RIL captures the upside of higher product prices without a proportionate increase in input costs, which is a hedge most retail investors overlook entirely.
The Story Is Jio, Too
JM Financial expects 14-16% EPS CAGR over the next three to five years, driven primarily by the Digital business. Says JM Financial: “The share price is not discounting the 15-16% EBITDA-compounding story in the Digital business over the next 2-3 years driven by 10-11% ARPU CAGR; hence we expect 14-16% EPS CAGR for RIL over the next 3-5 years. Key triggers are Jio’s IPO in the next few months and likely telecom tariff hike post that.”
Net debt is expected to decline steadily as capex moderates to Rs1.2-1.4 trillion per year from Rs2.3 trillion in FY23, fully funded by rising internal cash generation. RIL’s net debt to EBITDA stands at a comfortable 0.6x, with the company’s own guidance to keep that ratio below 1x.
The Valuation Case
At current prices, RIL trades at 16.8x FY28 earnings against a three-year average of 23.9x, and 8.2x FY28 EV/EBITDA against a three-year average of 11.9x.
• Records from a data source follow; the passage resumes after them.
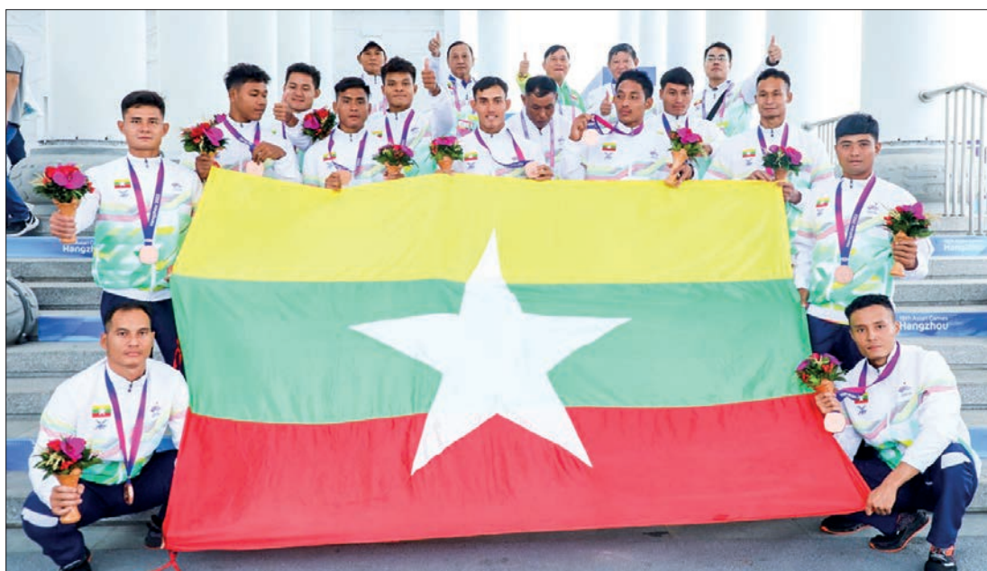
Team Myanmar is seen celebrating the victory.

Next, the men's Sepak Takraw tourney was held at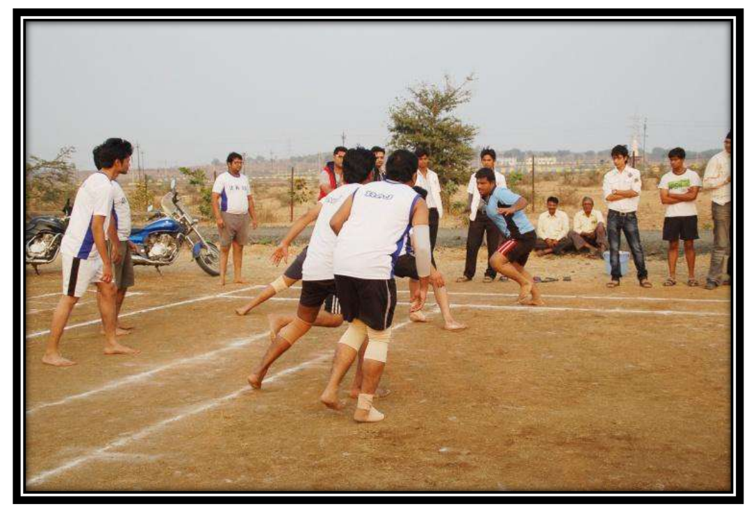
Free sharing of university resources with Local Communities- Sports Facilities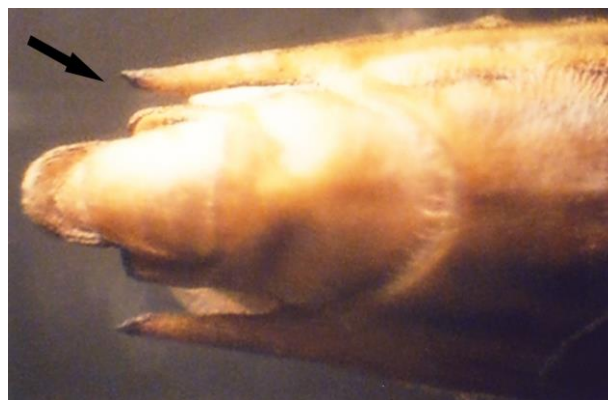
Figure 2. Ventral view of the apical abdominal segments of Limnopus rufoscutellatus (♂)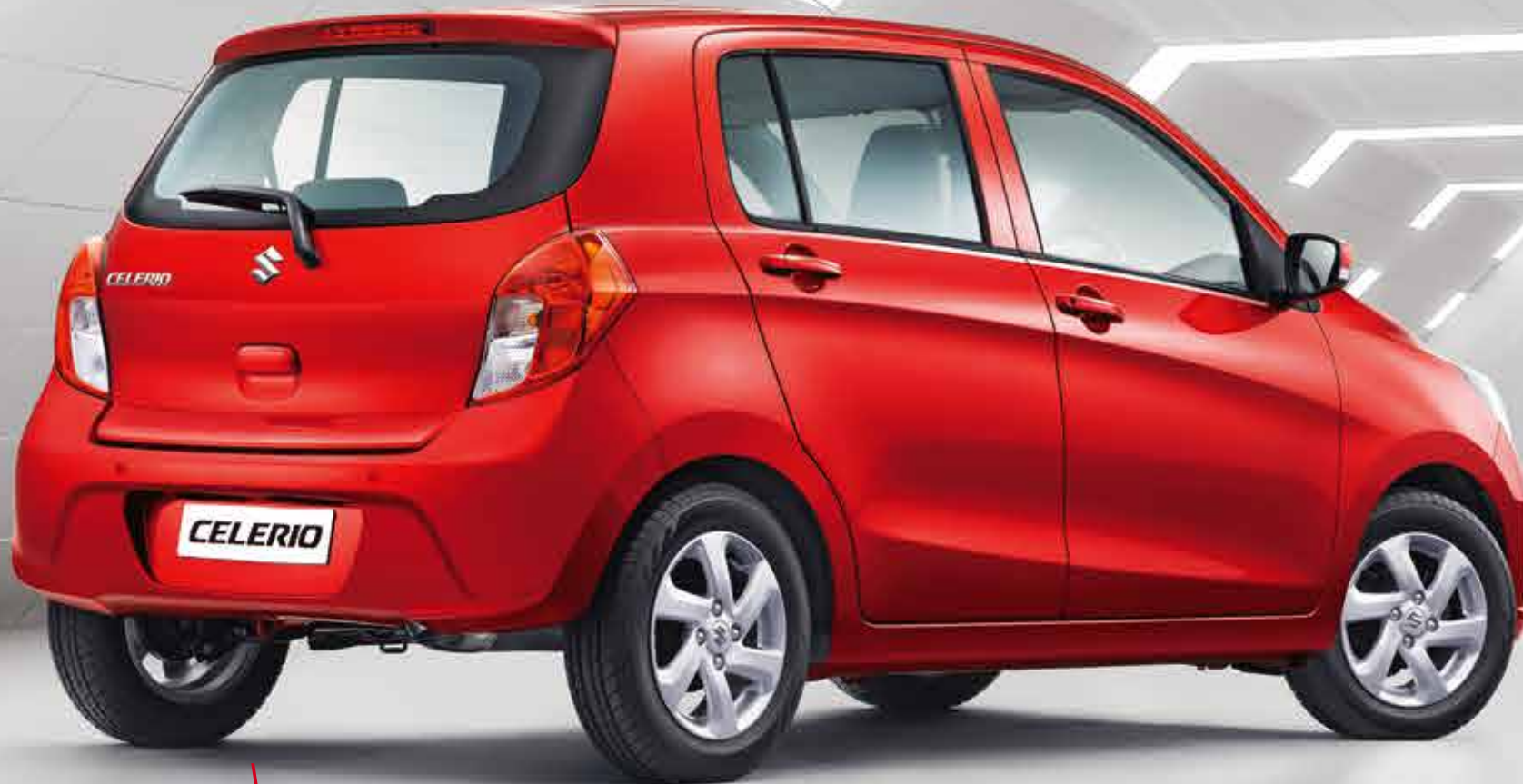
Impressive Wide Rear with Elegant Back Door Garnish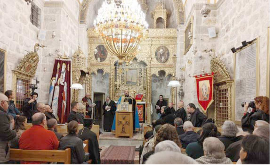
St Mark's Syrian Orthodox Church, Old City, Jerusalem, during the Week of Prayers for Christian Unity 2023

that I live in a sacred space, and not just a site of struggle.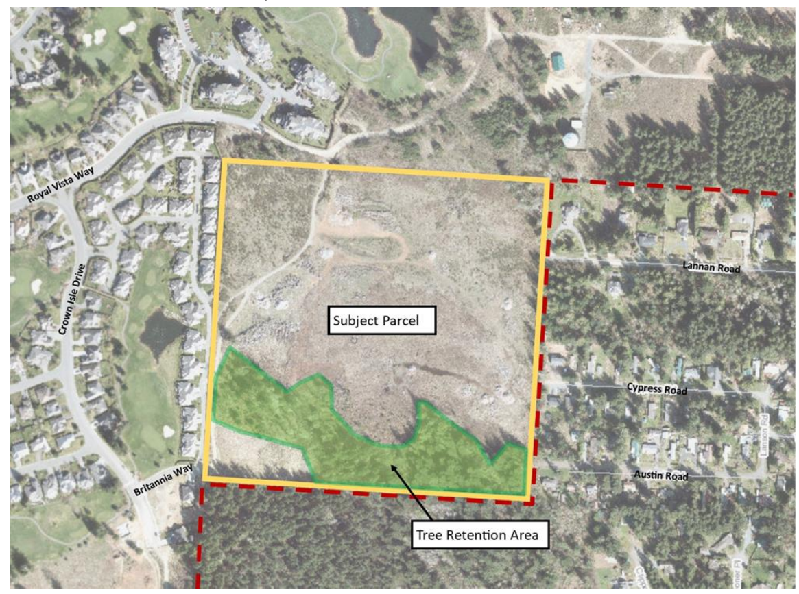
Figure 4 Tree Protection Area from April 6, 2020

Concern over the existing trees and protecting them was identified in staff reports and Council resolutions. This area has been defined as per Council Resolution on April 6, 2020 and is noted in Figure 4 Tree Protection Area. This protected area will be addressed in the Development Agreement as a section 219 covenant.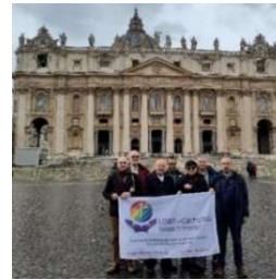
Pope Francis' Ash Wednesday Mass, Santa Sabina - St. Peter's Square, 2023

Please contact secretary@lgbtcatholicswestminster.org if you would like to join us. Limited to 20 places, we already have 15 names confirmed. £150 Deposits to secure accommodation are required NOW. 2025 will also be a Holy Year - Jubilee 2025 - with special events in Rome.

The stock is, by JM Financial’s own admission, trading near its bear-case valuation of Rs1,275 per share — a floor that already prices in retail weakness, subdued O2C margins, a haircut on new energy, and a 10% cut in refinery EBITDA.
Notes JM Financial: “Any significant impact on its refinery utilisation is only likely to play out if the Strait of Hormuz is blocked for a long period, which has not happened even during past wars.” The unchanged target price of Rs1,730 implies 35% upside from current levels.